On-the-fly Cross-lingual Masking for Multilingual Pre-training

Xi Ai, Bin Fang

Main: Multilingualism and Cross-Lingual NLP Main-poster Paper

Session 4: Multilingualism and Cross-Lingual NLP (Virtual Poster)
Conference Room: Pier 7&8
Conference Time: July 11, 11:00-12:30 (EDT) (America/Toronto)
Global Time: July 11, Session 4 (15:00-16:30 UTC)
Keywords: multilingual pre-training
TLDR: In multilingual pre-training with the objective of MLM (masked language modeling) on multiple monolingual corpora, multilingual models only learn cross-linguality implicitly from isomorphic spaces formed by overlapping different language spaces due to the lack of explicit cross-lingual forward pass....
You can open the #paper-P5607 channel in a separate window.
Abstract: In multilingual pre-training with the objective of MLM (masked language modeling) on multiple monolingual corpora, multilingual models only learn cross-linguality implicitly from isomorphic spaces formed by overlapping different language spaces due to the lack of explicit cross-lingual forward pass. In this work, we present CLPM (Cross-lingual Prototype Masking), a dynamic and token-wise masking scheme, for multilingual pre-training, using a special token $[\mathcal{C}]_{x}$ to replace a random token $x$ in the input sentence. $[\mathcal{C}]_{x}$ is a cross-lingual prototype for $x$ and then forms an explicit cross-lingual forward pass.

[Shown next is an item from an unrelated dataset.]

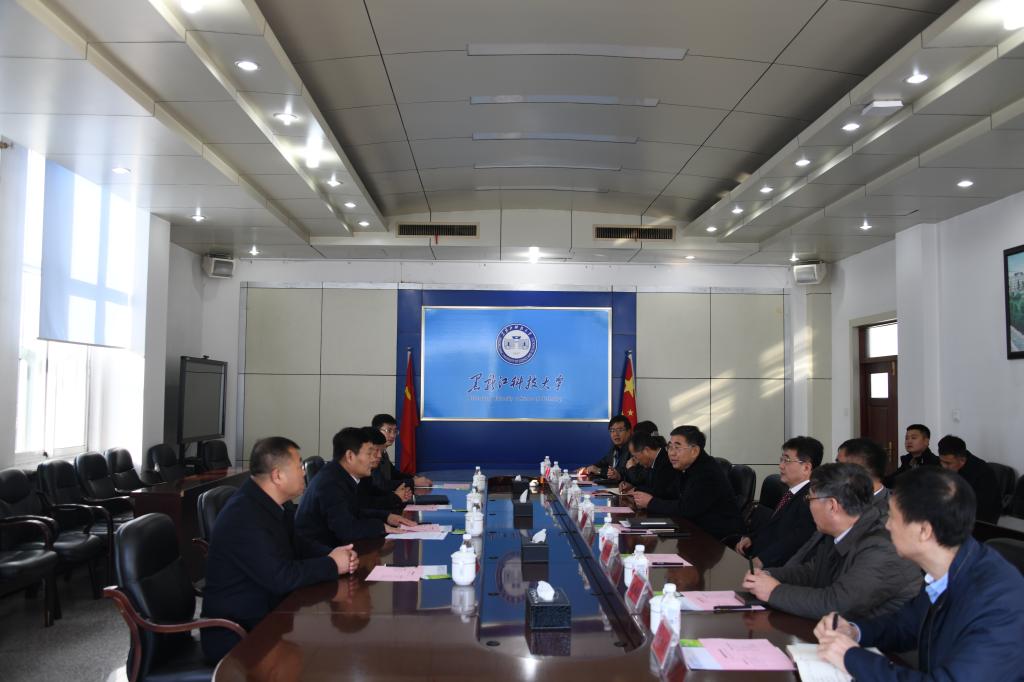 会前,校长郝传波、校党委副书记于成学、副校长张国华,以及相关单位和部门负责人和龙煤集团总经理王佳喜一行在信息楼6001会议室就协同创新、产学研合作、联合培养学生等问题进行了座谈和交流。

We instantiate CLPM for the multilingual pre-training phase of UNMT (unsupervised neural machine translation), and experiments show that CLPM can consistently improve the performance of UNMT models on $\{De, Ro, Ne \} \leftrightarrow En$. Beyond UNMT or bilingual tasks, we show that CLPM can consistently improve the performance of multilingual models on cross-lingual classification.